Whenever I think of calls for women in leadership in the Church, I shudder, because usually the women envisioned as candidates are dissenters.   I think of women in leadership and I think of the Episcopal Church.  And I also think of different kinds of leadership—-like that I exercise as a journalist.  It’s an apostolate, but out in the world, where lay people should be exercising their ministry.   In my encounters with bishops I have never felt patronized or treated as if I am inferior or that my insights are unwelcome.

So, what do you think of the idea of women as Cardinals?  And if you were to suggest which women got a red hat, who would you like to see?
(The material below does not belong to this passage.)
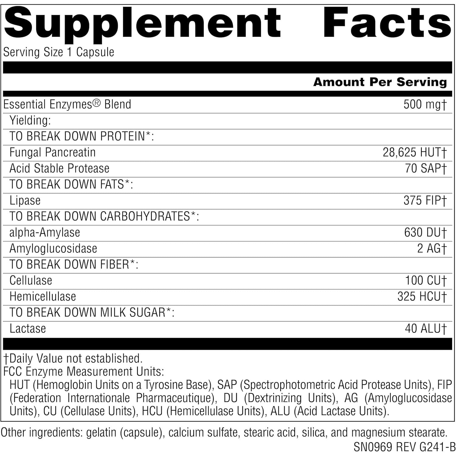 As we age, hydrochloric acid and digestive enzyme secretion may both decline. Add to that the many additional factors poor eating habits, inadequate chewing, “eating on the run,” and over-consumption of alcohol that put stress on the digestive process. Essential Enzyme is a Bio-Aligned Formula that contains a wide array of enzymes that break down proteins, fats, milk sugar, fiber, and carbohydrates in a wide pH range.*

At Church on Sunday, I talked with some of my women friends about this and we were in agreement that we like patriarchy.   The real Boaz-style patriarchy where men take leadership and responsibility and exercise it with the idea of serving those they lead.
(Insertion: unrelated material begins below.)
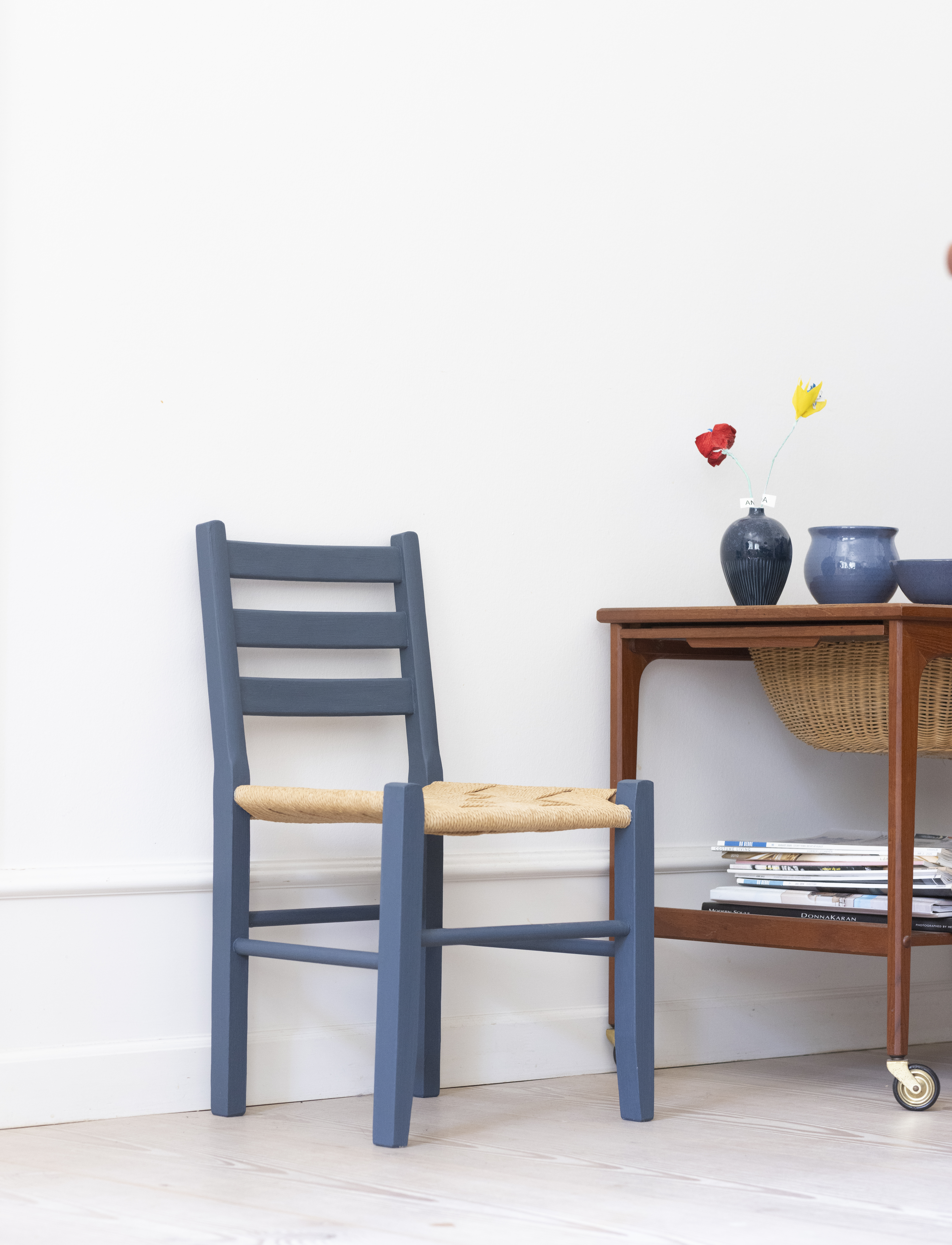 Den lille stol er malet med Vestenvind og efterfølgende har den fået 2 lag Ultra Mat Lak., som er påført i tynde lag.

We agreed that if women step in to take over, men will willingly give up responsibility and leadership and let the women do it all.  Which is happening to an alarming extent already in many parishes where women run the show.  And it starts with girls being allowed to be altar servers, and women as EMHCs.  We do not approve.

I have natural leadership abilities.  I am assertive, confident and have been in positions of leadership over men from time to time in my career as a television producer and communications officer.  I have also led prayer groups.   But in the latter case, when there were men who could have done it, but who waited for me to do the hard work of getting things going, I did not like it.  I found by my doing it, I was getting in the way of their spiritual growth by performing what they were perfectly capable of doing.

So, your thoughts?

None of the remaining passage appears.